Había sentido las emociones negativas de su bebé por el vínculo. No quería que su nene pensara que lo iba a dejar a la deriva solo por no ser fértil. Su amor por jimin iba mucho más allá de poder o no poder tener hijos. Claro que le entristecía, pero por nada del mundo se alejaría de su mochi.

— Escúchame bien jimin, nunca me alejare de ti. Te amo mi príncipe, y lucharemos por tener a nuestra familia. Si al final no lo logramos, nada cambiará entre tu y yo. Tu eres lo más importante para mi, amor. —Jeongguk espetó con su voz suave y cariñosa. Jimin lo veía con sus ojos brillosos y la felicidad volvió a el momentáneamente.

Se besaron con cariño y amor, transmitiendo todo lo que sentían por el otro por medio del vínculo.

—T-te amo alfa, te amo y nunca dejare de hacerlo. Gracias — Comento el rubio con lágrimas corriendo por sus mejillas y con una sonrisa brillante para volver a besar los labios de sus jeonggukie.

*fin del flashback

La relación con su lobo se volvió a restablecer luego de algún tiempo, costo que pasara, pero al final se logró. Ahora no le importaba tanto tener hijos. Era un sueño, pero ya no era una necesidad, había aceptado que era casi imposible.

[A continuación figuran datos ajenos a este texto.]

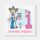 Primer cumpleaños lindo país occidente / vaquero / rodeo tema vaquero vaquero en jeans y bandana rosa con caballo y gato, gran número rosa 1.

Saber que su sueño por fin se había cumplido, lo hacía demasiado feliz, a ambos.

Se besaban lentamente y se acariciaban con cariño. Luego de aproximadamente treinta minutos llorando de felicidad, al fin habían dejado de hacerlo acostandose juntos para darse cariñitos. Los labios del alfa pasaban por toda su carita, haciendo un camino desde su frente hasta sus labios y bajando a su cuello. Ahí podía percibir el aroma que tanto amaba junto con otro un poco más sutil, apenas perceptible. Jimin tenía sus manos entre el cabello azabache, dando caricias en la cabeza y el cuello de su alfa.

— Te amo mi amor, te amo muchísimo. — Dijo en su oído con voz ronca, causando escalofríos en jimin. Subió su cara para depositar besitos en la naricita de botón, para luego acariciarla con la suya.

—Yo también te amo mi alfa, gracias por estar ahí para mi siempre. — Sonrió besando el lunar abajo del labio de su novio repetidas veces.

Volvieron a acurrucarse dándose mimos hasta caer dormidos, con sus corazones felices y tranquilos, sabiendo la suerte que tenían. Se amaban, y querían compartir cada momento del resto de sus vidas, juntos.

Aquel día paso de ser el peor día de la semana de jeongguk, a ser el mejor día de su vida.